I’ve been diapering for a few months now, so I thought I might share some tips and tricks I’ve learned for diapering. Some of these tricks I picked up from the friendly nurses while I was in the hospital from Chichi’s preemie days, so if you still have a nurse around, ask them for tips too!
If you’re a soon-to-be mom and you’re worried that you don’t know how to diaper-don’t. Trust me, you learn pretty fast, and you learn even faster once you’ve had a few poop and pee related accidents.
So, without further delay, here’s Paranoid Mommy’s top tips and tricks for a stress free diapering experience:
1. Timing: Depending on how sensitive your baby is to a dirty diaper, you may either have to change it every time it gets dirty, or you can change it with a feed. With a newborn, it is recommended they are fed every 3-4 hours, and so usually you will change your baby’s diaper every 3-4 hours. This is the recommended time frame as you don’t want your baby to sit in a dirty diaper too long then you start getting problems like diaper rash.
If you change with a feed, you can either change before or after a feed. Here are the pros with each method-
Before a feed:
- Empty stomach means less spit up, less mess.
- After a feed, most babies are drowsy. You may be able to put your baby to bed right after a feed, instead of disturbing them again with a diaper change.
After a feed:
- There is likely less diaper usage. Food stimulates the stomach and everything to “go”, so a lot of babies will go during or shortly after a feed.
- You wouldn’t have to deal with a crying hungry baby, while you’re changing your diaper.
Personally, I like to change my diapers after a feed. I have found that if I wait 15 minutes after she’s eaten (while I burp her), then she’s less likely to spit up during a diaper change session.
2. Always try to change a poopy diaper as soon as possible. Poop is significantly more irritating to the bum than pee.
3. If it’s just a pee diaper, and it’s in the middle of the night, you can consider skipping a diaper change. This can help your baby sleep longer, and hopefully convert their days/nights quicker. With that being said, if you do decide to do this, I would recommend extra thick layer of diaper cream with your last diaper change of the night to help protect the bum.

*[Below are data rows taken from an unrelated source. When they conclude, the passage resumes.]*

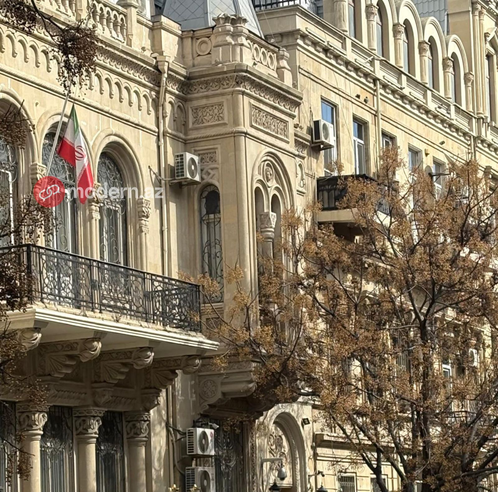The state flag has been lowered to half-mast at the Embassy of the Islamic Republic of Iran in Azerbaijan.
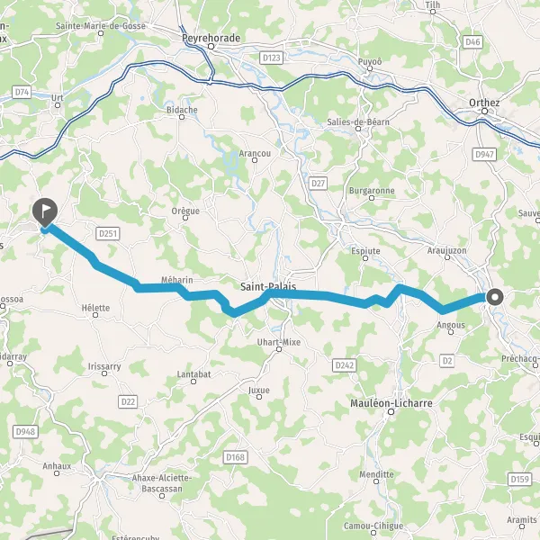 Au rond-point, prendre la 1ère sortie sur D11 (Route de Saint-Palais) et continuer sur 8,9 kilomètres
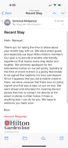 Read moreFront desk professional helpful and friendly. Our room wasn’t ready when we arrive a bit early but they gave us similar room just in a different floor. Rooms small with good and comfy king bed, a down/feather pillow for each side ( not comfy) desk, bureau nice tv with LOTS of channels and Netflix on the TV. Restaurant staff super helpful, refilled coffee without having to ask, breakfast buffet simple but plentiful and the bacon was crispy, the scrambled eggs soft and luscious, the home fries yummy. Housekeeping staff well- the hotel does provide a note that housekeeping is every two days - so if we wanted clean towels we had to call and request it. Housekeeping doesn’t even make your bed every day- I dont mind not changing the sheets but not making the bed is kind of disgraceful. And if you need more tissues, you have to call. Plus I was charged $6.00 for I have no idea what! Water has a hang tag saying it will cost $3.00 per bottle, so I took the one, left the tag and the bottle when I was finished and it remained in the room as I left it - no housekeeping. And I was charged $6.00. Which I did call attention to and it was removed. The hotel Was packed when we weee there with the Temple University soccer team ( they were playing Army at West Point) and they were a delight at breakfast. Plus there were several weddings in the area with guests staying at the hotel - we knew by the attractive discreet signage and the gift bags behind the front desk. The gym and pool were terrific and easy to access. And the front desk staff was hugely helpful about local restaurants, attractions and directions. Everyone working in the hotel was pleasant and said hello.

4. Keep all your supplies close and ready. Do not leave your baby unattended to grab something. These supplies will include clean diaper, diaper wipes, diaper cream, a diaper garbage bin, and I also recommend a washcloth to quickly wipe away any spit up as they occur if necessary. Keep a clean set of clothes nearby as well.
5. When I have undressed baby for her change, I like to pull the bottom half of her sleeper up, and tuck it under her head. This keeps the sleeper out of the way of any potential mess, and can keep baby’s head slightly elevated to minimize baby spit up.
6. Open a clean diaper and place it directly underneath the dirty diaper. This will help catch any accidents if they occur.
7. Unfasten the dirty diaper and slightly pull away, but do not remove the dirty diaper yet! I like to count 10 seconds before I remove the dirty diaper, because I have found that for some reason, cold air on her butt will trigger her to go!
8. Once the 10 seconds have passed, carefully pull out the dirty diaper from baby. Quickly check the edges of the diaper (tops, backs, around the leg area). If there’s no poop anywhere around the edge, then it’s safe to say that your baby hasn’t stained her clothes. Wipe your baby’s bum clean with your baby wipes. If your baby wipe has added moisturizers or aloe, I have found that they actually make the diaper cream harder to go on. I will usually wipe away the added moisturizer/aloe with a clean diaper before I put on the diaper cream.
9. Before you grab the diaper cream, roughly cover up your baby’s bottom with the clean diaper first. This will prevent any poop-gun type accidents while you’re squieezing out your cream. (Trust me, been there, done that).
10. Cover your baby’s bum with your diaper cream. Close up diaper. If your baby still has her umbilical cord stump, you can fold down your diaper in the front so you are not pressing on the stump. This trick also works if your diaper is slightly too big.
Check that there’s no gaping holes, and that the diaper is sufficiently high up the back.